Facebook prende in giro gli utenti e cambia la Privacy Policy
Da qualche settimana il social network per antonomasia si prepara a raggiungere l'incredibile traguardo di un miliardo di iscritti. Certo, al conteggio vanno sottratti profili falsi, abbandonati o doppi, ma sicuramente il servizio offerto da Palo Alto ha dalla sua qualche centinaio di milioni di utenti reali; solo Mark Zuckerberg sul suo profilo è seguito da oltre 12 milioni di persone, grazie alle quali, di amicizia in amicizia, può praticamente raggiungere qualsiasi persona sulla piattaforma. La domanda quindi nasce spontanea: è mai possibile che in 4 giorni il post ufficiale di Facebook in cui il sito annuncia il cambiamento dei termini di privacy e trattamento dei dati personali non abbia raggiunto i 7000 commenti?
Il numero non è a caso, è il “traguardo” scelto proprio da Palo Alto, oltre il quale il social network si sarebbe impegnato a consultare TUTTI i suoi iscritti in merito a questa piccola rivoluzione nella privacy policy. In effetti l'argomento è abbastanza spinoso e in questo periodo sembra essere la bestia nera dei big che operano in rete, a partire da Google che sulla questione è in guerra aperta con l'Europa da settimane. Auspicabile quindi che agli utenti sia concesso di esprimersi sulla materia, cosa che il team di Palo Alto ha prontamente fatto, con un post ufficiale pubblicato sulla piattaforma. La conditio sine qua non perchè il suffragio venisse esteso a tutto il mondo degli iscritti era però che il post superasse i 7000 commenti, un traguardo risibile per un sito che vanta quasi un miliardo di utenti.
Eppure, incredibile ma vero, i commenti sono stati poco meno di un migliaio. Nasce quindi il sospetto che Palo Alto abbia fatto passare la notizia un po' in sordina, quanto basta per venire ignorato in una piattaforma dove le assurdità più incredibili ed inutili ricevono centinaia di migliaia di like, commenti e condivisioni. D'altro canto da sempre il social network bianco e blu ha introdotto novità in corso d'opera in barba all'opposizione degli utenti, che a prescindere da ogni novità puntualmente tornano a popolare la piattaforma in maniera caprina, al massimo borbottando qualche malumore e lanciando qualche imprecazione nei confronti del povero ingegnere di Harvard.

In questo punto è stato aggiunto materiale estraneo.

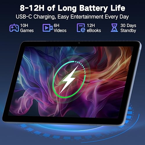 The Battery That Lasts All Day & Then Some - The powerful 6000mAh battery delivers up to 12 hours of mixed use—perfect for a full day of daily use, keeping boy and girls entertained on long trips, or binge-watching your favorite shows at night. Spend less time tethered to an outlet and more time enjoying your 10.1 inch android tablet. Enjoy a full day with a full charge!
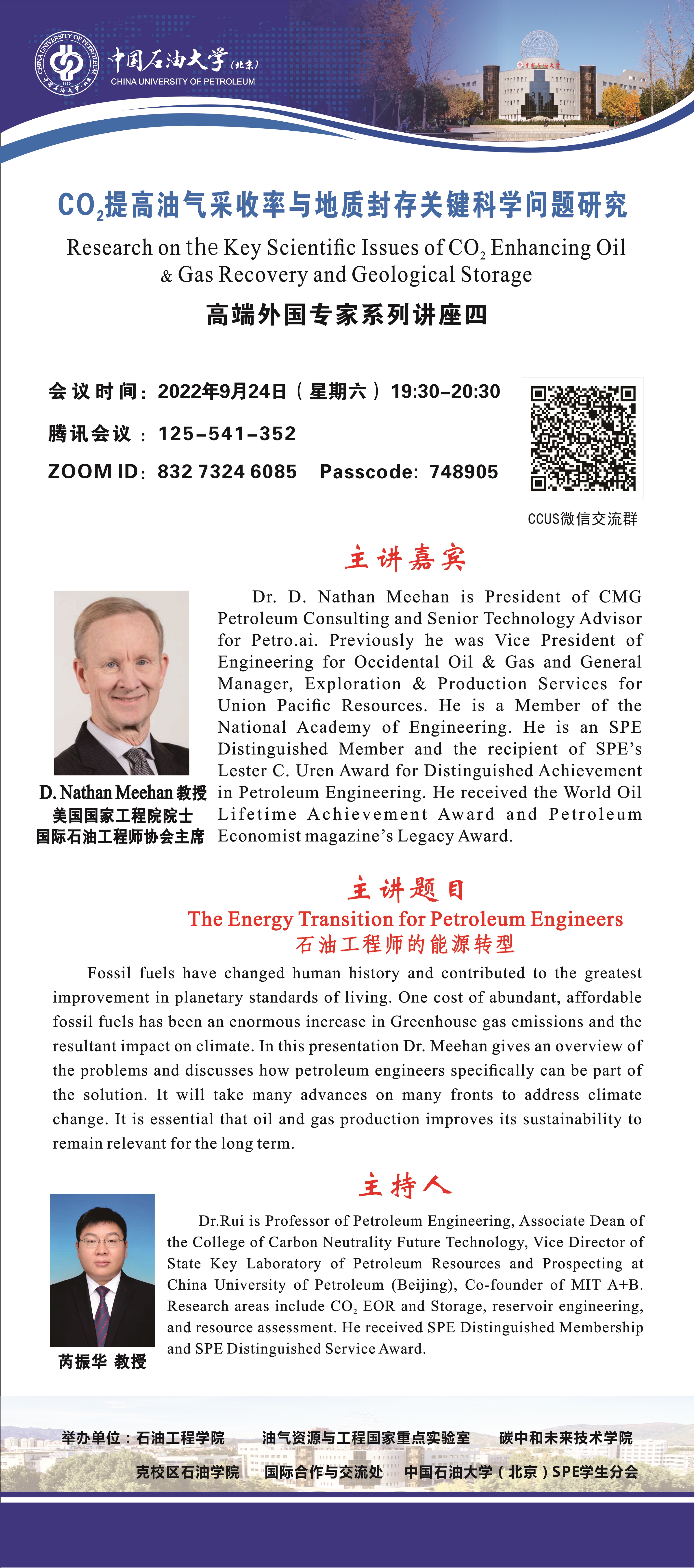 高端外国专家引进计划项目系列讲座四——二氧化碳提高油气采收率与地质封存关键科学问题研究
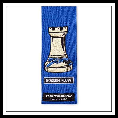 A masterpiece collaboration commissioned by Modern Flow Brand with artwork designed by Meerkatsu. Each color belt has a unique chess piece design. This 1-3/4 inch wide jujitsu rank belt is available in standard BJJ colors. Construction is 100% twill cotton with a single strapping cotton core. The color rank belts have a black 4-1/2 inch rank sleeve on one end, which starts 1 inch from the belt end. The black belt rank sleeve is red and 7 inches long, with 3/4" white instructor stripes on each end. White 1/2 inch rank stripes can be added. Stripes are sewn on the sleeve with 1/8 inch spacing.
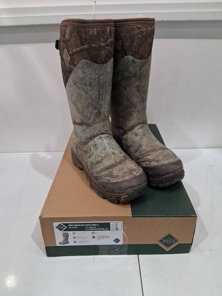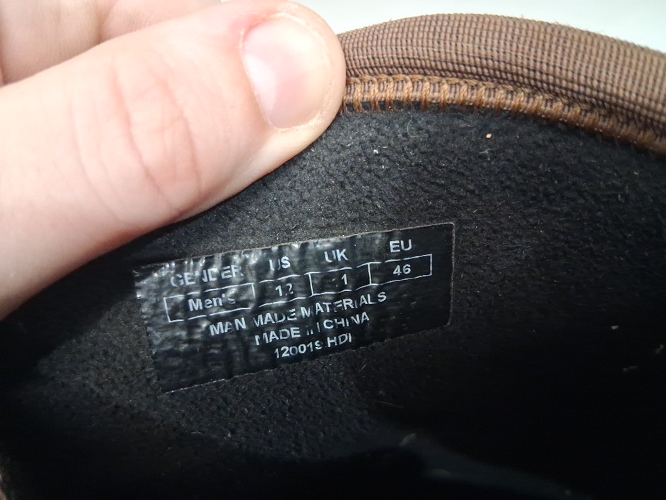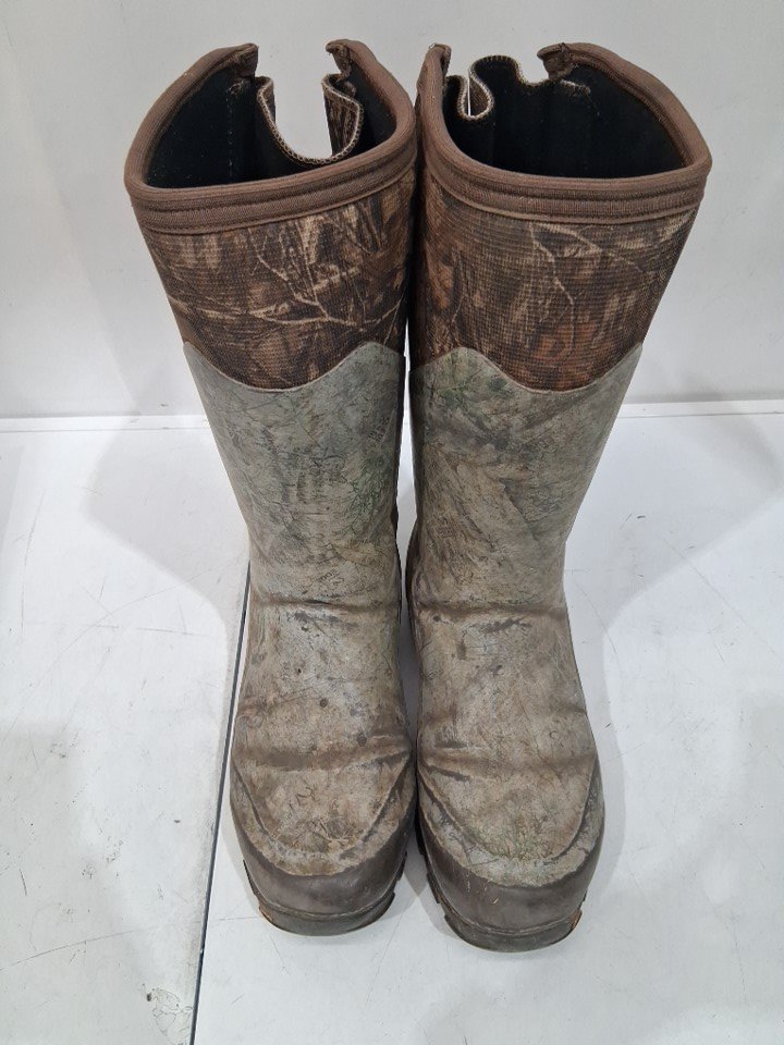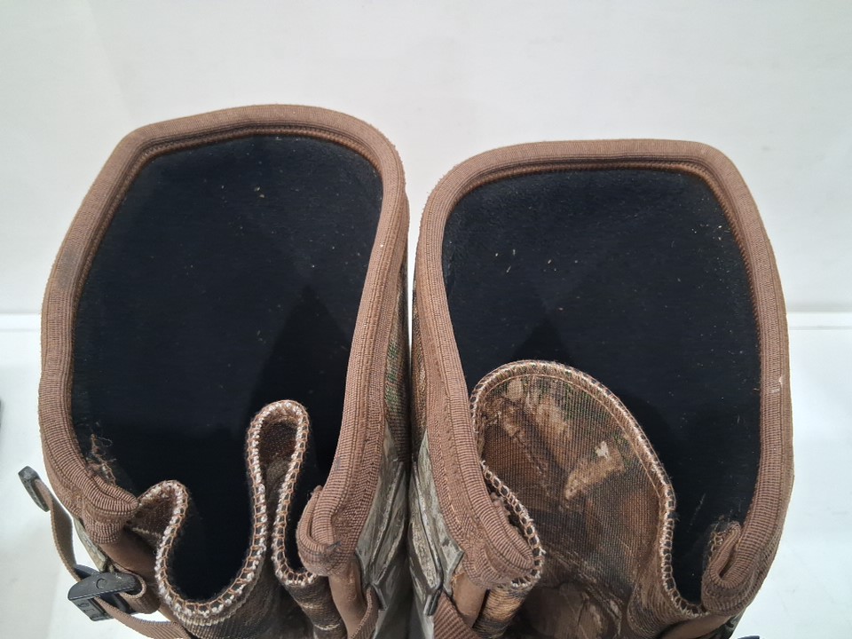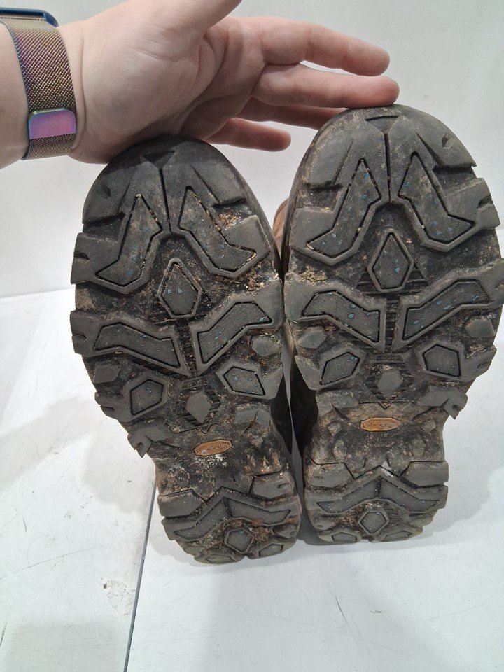 Item shows previous signs of use such as mud/dirt on surface of boot, on soles of boots, and mild hair on inside of boots.
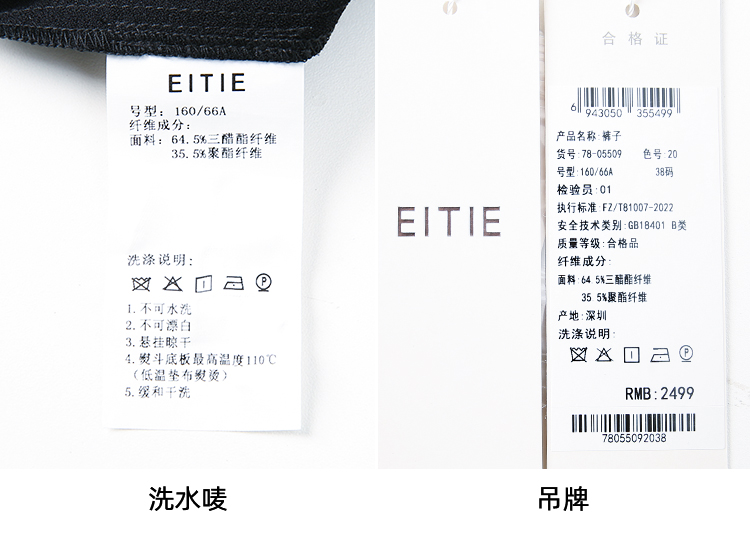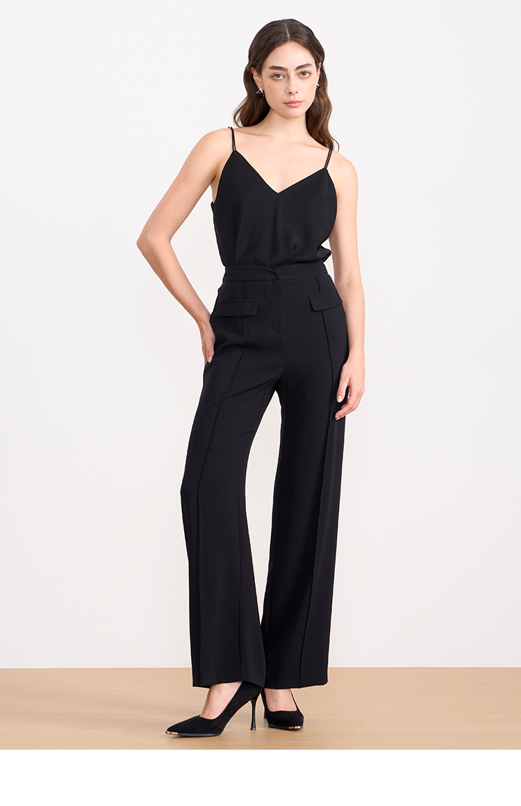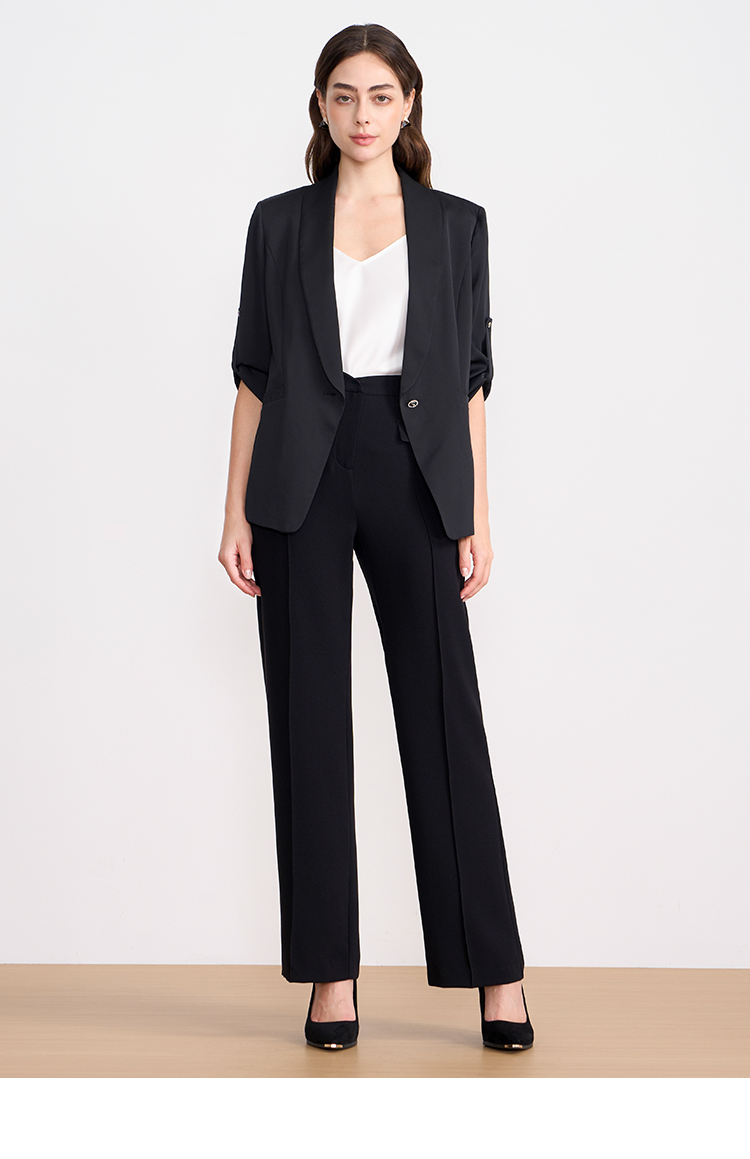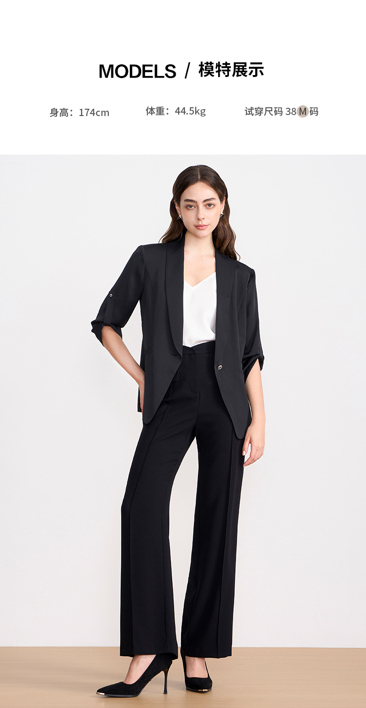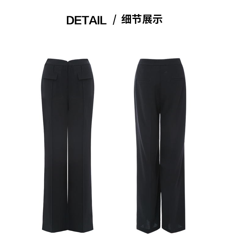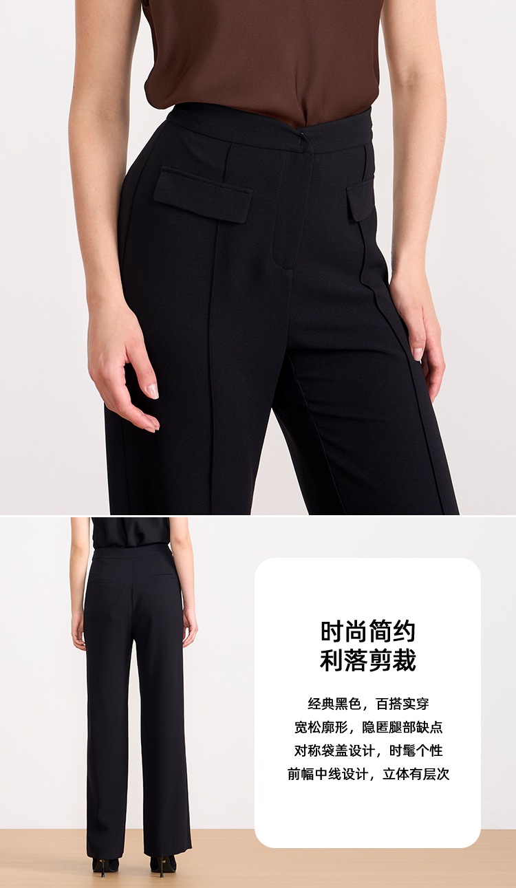 EITIE爱特爱夏季新款显瘦气质通勤舒适百搭黑色长裤7805509

Nel caso in questione non vengono inserite novità particolarmente rilevanti ma il modus operandi di Facebook fa capire in quale – scarsa – considerazione vengano tenuti gli utenti, a cui si finge di voler concedere un potere che in realtà sono ben lungi dall'avere. Emblematico il punto 14.4 del documento sulla nuova privacy policy (rinominata tatticamente data-use policy); se per qualsiasi servizio online, attraverso l'iscrizione si aderisce ai termini e al regolamento interno (dopo averne preso visione, of course), ora su Facebook è sufficiente l'utilizzo per confermare di essere d'accordo con le norme che lo amministrano, anche se queste mutano durante il tempo senza alcuna approvazione da parte degli utenti (se non il loro continuare ad usufruire del servizio stesso).
È un passo ulteriore verso la facebookcrazia, dove vige il motto “siete tutti liberi di fare quello che diciamo noi”. Per il resto nel documento vengono esplicitati alcuni passaggi già previsti dalla piattaforma ma mai messi nero su bianco, come la possibilità per le app utilizzate dai nostri amici di godere dei medesimi privilegi degli amici stessi, come l'accesso alle nostre informazioni (anche se l'app non la utilizziamo personalmente). Risibile anche il “diritto all'oblio” offerto da Facebook per i suoi utenti; se le app sono obbligate dalla piattaforma a rimuovere ogni informazione sugli utenti che ne fanno richiesta, lo stesso comportamento non è dovuto dal social network, che in caso di abbandono si limita a sospendere l'account senza rimuoverlo davvero e continuando a conservare le informazioni caricate in precedenza. Per la serie “fate come dico, non fate come faccio”.